SUS scores averaged 78.67 ( ± 9.44) out of 100. A SUS score of 68 is considered as average usability performance.[43] [Table 5] shows a break-up of scores received from individual participants.

Table 5
System Usability Scale (SUS): Columns Q1–Q10 represent the user assessment score against each question
Participant	Q1	Q2	Q3	Q4	Q5	Q6	Q7	Q8	Q9	Q10	SUS
p1	10	10	10	10	10	10	10	10	7.5	7.5	95
p2	10	7.5	10	2.5	7.5	10	7.5	10	7.5	7.5	80
p3	7.5	7.5	7.5	7.5	2.5	7.5	10	5	5	2.5	62.5
p4	7.5	7.5	5	2.5	7.5	7.5	7.5	7.5	7.5	7.5	67.5
p5	10	10	10	0	10	10	10	10	10	7.5	87.5
p6	7.5	7.5	7.5	10	7.5	7.5	7.5	7.5	7.5	7.5	77.5
p7	7.5	7.5	7.5	7.5	7.5	7.5	7.5	7.5	7.5	7.5	75
p8	5	7.5	7.5	7.5	7.5	7.5	10	7.5	5	5	70
p9	7.5	7.5	7.5	5	7.5	7.5	7.5	7.5	7.5	7.5	72.5
p10	7.5	7.5	10	10	7.5	10	10	7.5	7.5	7.5	85
Mean (SD)	8.17 ( ± 1.48)	7.83 ( ± 1.29)	8.17 ( ± 1.76)	6.67 ( ± 3.09)	7.83 ( ± 1.86)	8.17 ( ± 1.48)	8.67 ( ± 1.29)	8.17 ( ± 1.48)	7.67 ( ± 1.76)	7.33 ( ± 2)	78.67 ( ± 9.44)
List of questions from the SUS questionnaire: Q1. I think that I would like to use this system frequently
Q2. I found this system unnecessarily complex
Q3. I thought the system was easy to use
Q4. I think that I would need the support of a technical person to be able to use this system
Q5. I found the various functions in this system were well integrated
Q6. I thought there was too much inconsistency in this system
Q7. I would imagine that most people would learn to use this system very quickly
Q8. I found the system very cumbersome to use
Q9. I felt very confident in using the system
Q10. I needed to learn a lot of things before I could get going with this system

Abbreviation: SD, standard deviation.

Note: The scores are scaled and normalized from a response on the 5-point Likert scale to a 0–10 range (higher scores are better). Overall SUS scores are computed by summing these columns.

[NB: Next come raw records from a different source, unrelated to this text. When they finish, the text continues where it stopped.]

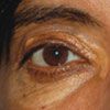 As the disease progresses, jaundice develops. Affected patients may have hepatomegaly, splenomegaly, hyperpigmentation, and clubbing of the fingers. Steatorrhea and malabsorption of lipid-soluble vitamins may occur because of deficiency of bile salts in the intestine and pancreatic exocrine inefficiency.6 Subcutaneous deposition of lipoprotein around the eyes (xanthelasma palpebrarum) and over joints and tendons (xanthoma) may also occur. Other clinical features include bone tenderness, glossitis, dermatitis, ascites, and ecchymosis.2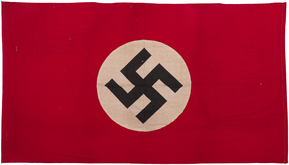 PHYSICAL DESCRIPTION: Multi-piece cotton construction banner approximately 135cm x 230cm. To both its red fields are sewn white disks, with a printed mobile swastikas in black. The tunnel loop is 3.5cm wide. Nice worn and used example showing the expected age and wear.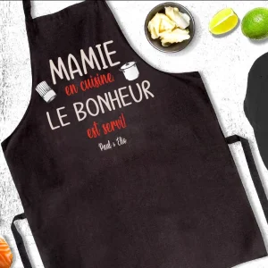 Tablier de Cuisine Personnalisé – « La Bonne Cuisine de Mamie » – Cadeau Grand-Mère – Tablier Noir avec Motif Floral & Prénom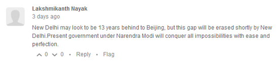 现在新德里也许落后北京13年,不过这个差距很容易被追上的。莫迪领导下的政府能让一切不可能变成可能。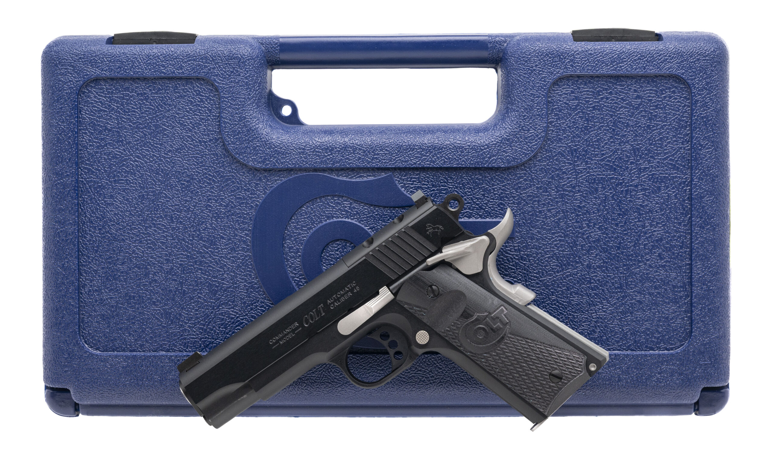 Lightweight Commander Model with a 4.25" Barrel. Optics Ready Blue Finished Slide, Tritium Front Sight, Manual Thumb-Safety, Black Cerakote Finished Alloy Frame, and G10 Grips. Includes 1-8rd Magazine. NEW. UPC: 098289113719(STOCK PHOTO)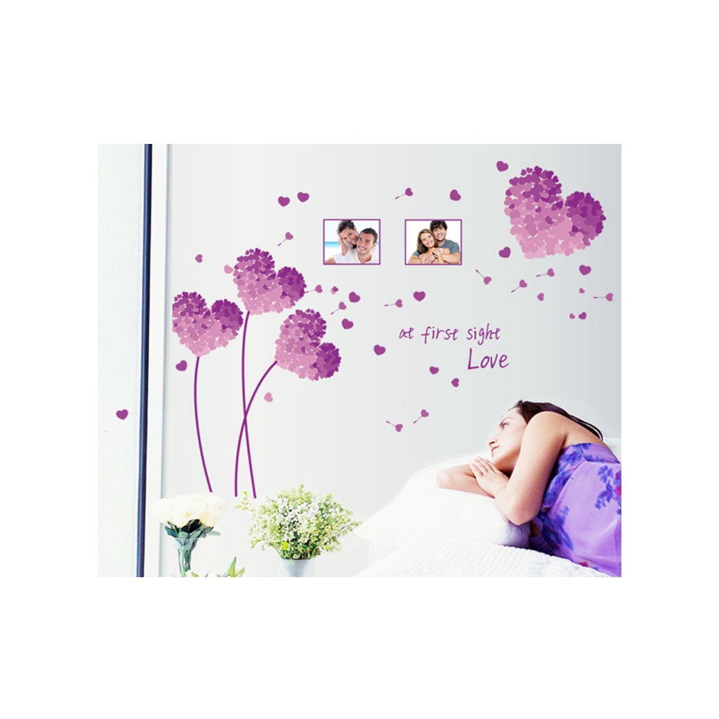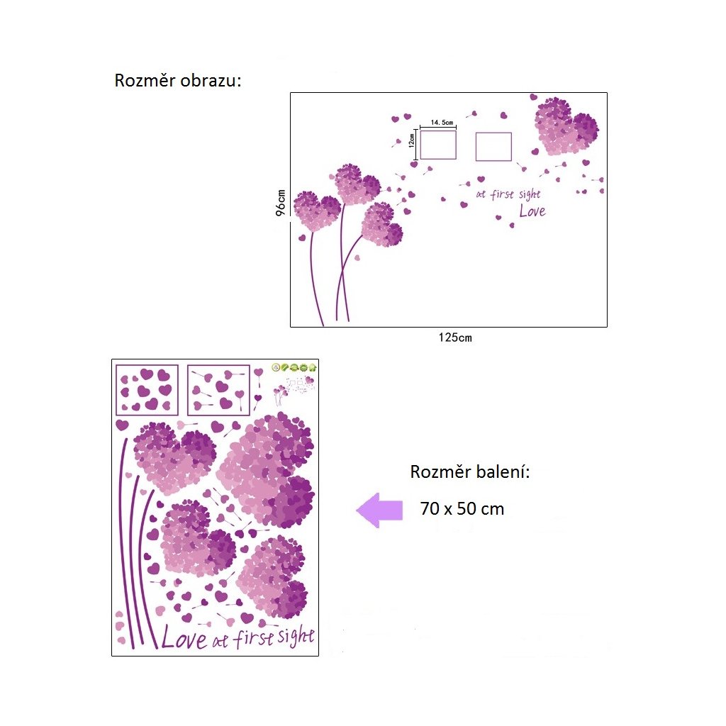 Roztomilá, farebná samolepka na stenu s motívom Fialových srdiečok spolu s dvomi rámčekami na fotky.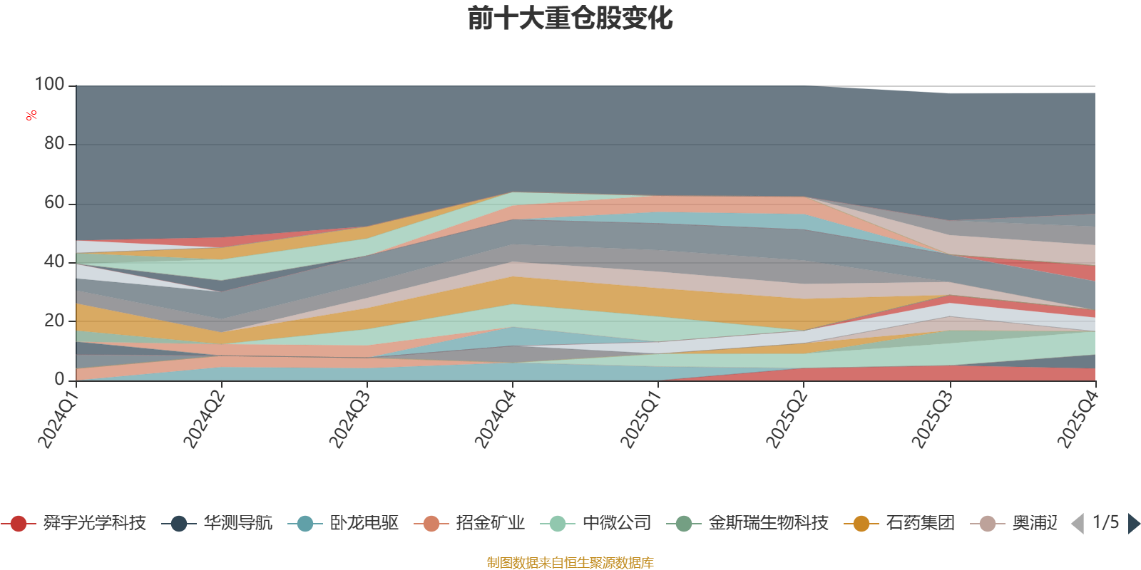 截至2025年末,基金十大重仓股分别是鼎胜新材、中微公司、福瑞医科、博杰股份、三花智控、华测导航、英杰电气、胜宏科技、舜宇光学科技、百济神州。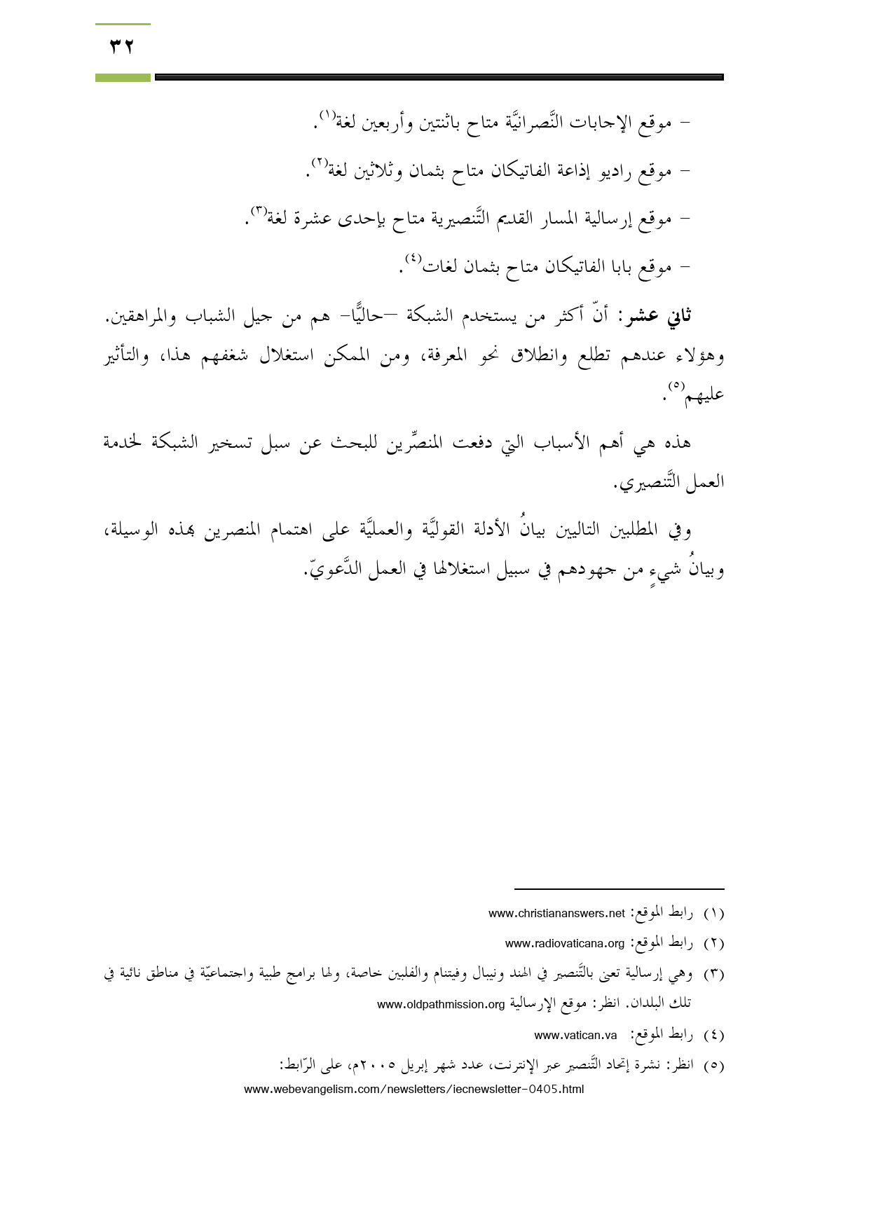 (¬5) انظر: نشرة إتحاد التَّنصير عبر الإنترنت، عدد شهر إبريل 2005م، على الرّابط: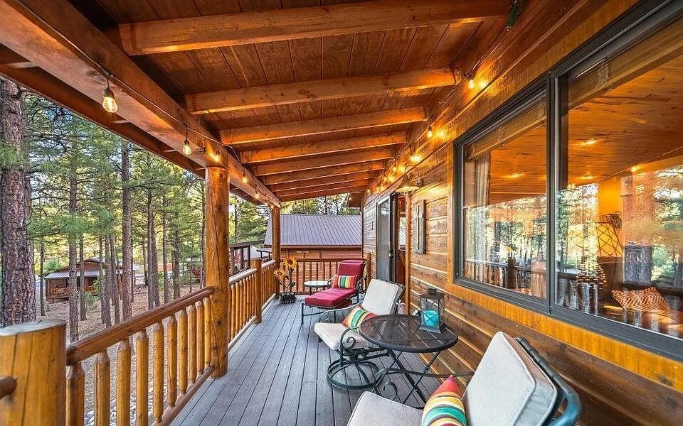 This rental is right between Showlow and Pinetop. The woodsy cabin is perfect for an individual, couple as well as small group or family. The cabin is pet friendly. The upstairs loft is a hit with children and additional sleepers. Guests may access the clubhouse and it’s immenities. The two seating areas inside as well as outdoor firepit allow for diversity of gathering. The community is quiet, friendly and highly wooded. Smart tvs and starlink Wi-Fi, and Firepit. Central ac and heating.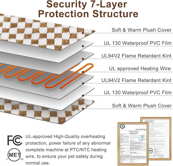 - 7 layer Protective Structure: The PVC envelope with waterproof and flame-retardant function. With UL-certified heating wire protect pets from burns. Built-in intelligent temperature sensor with high temperature protection for preventing overheating to protect pet's safety. Don’t let your pets lay on the pet heating pad directly without a plush cover.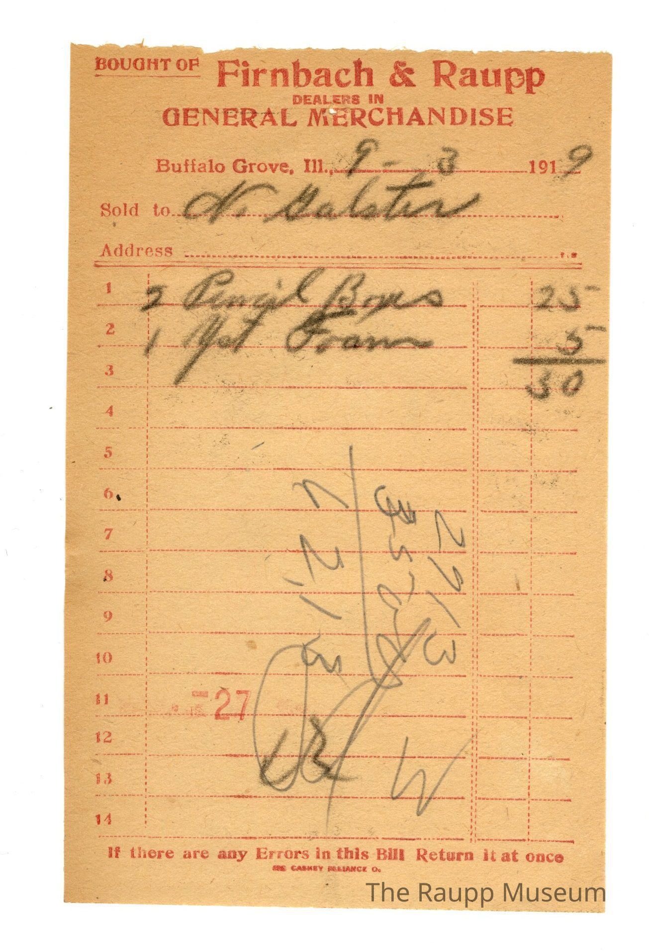 One (1) Firnbach and Raupp store receipt from September 03, 1919. Receipt recipient is N. Galster and has two (2) items purchased (two (2) pencil boxes and one (1) Yeast (written as Yst) Foam. N. Galster paid thrity cents ($0.30). Receipt is rectangular, with red printed ink, and written in pencil. The top reads: BOUGHT OF (written in all capitals and underlined) Firnbach & Raupp; Dealers in GENERAL MERHCANDISE (written in all capitals); Buffalo Grove, Ill,: Sold to; Address. The bottom reads: If there are any Errors in this Bill Return it at once. The number twenty seven (stamped as 27) is stamped in red in the bottom middle of the page, some of the red ink is smudged.Archive Details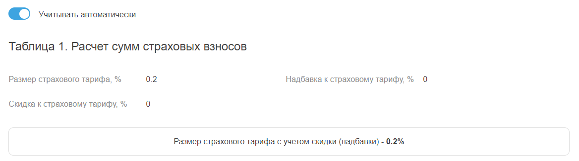"Размер страхового тарифа, %" - показатель в данное поле подтягивается из реквизитов организации/ИП;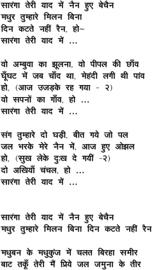 saara.ngaa terii yaad me.n, nain hue bechain

Open-ended subjective feedback revealed no major usability problems. One participant described the tool as being “intuitive and easy to use after initial training.” Overall, the idea for highlighting incidental findings was well received:

“In my personal practice, I have missed out on incidental findings [on occasion] ... if we are able to highlight them, it would be very helpful.”

“It's useful to verify that I didn't miss anything.”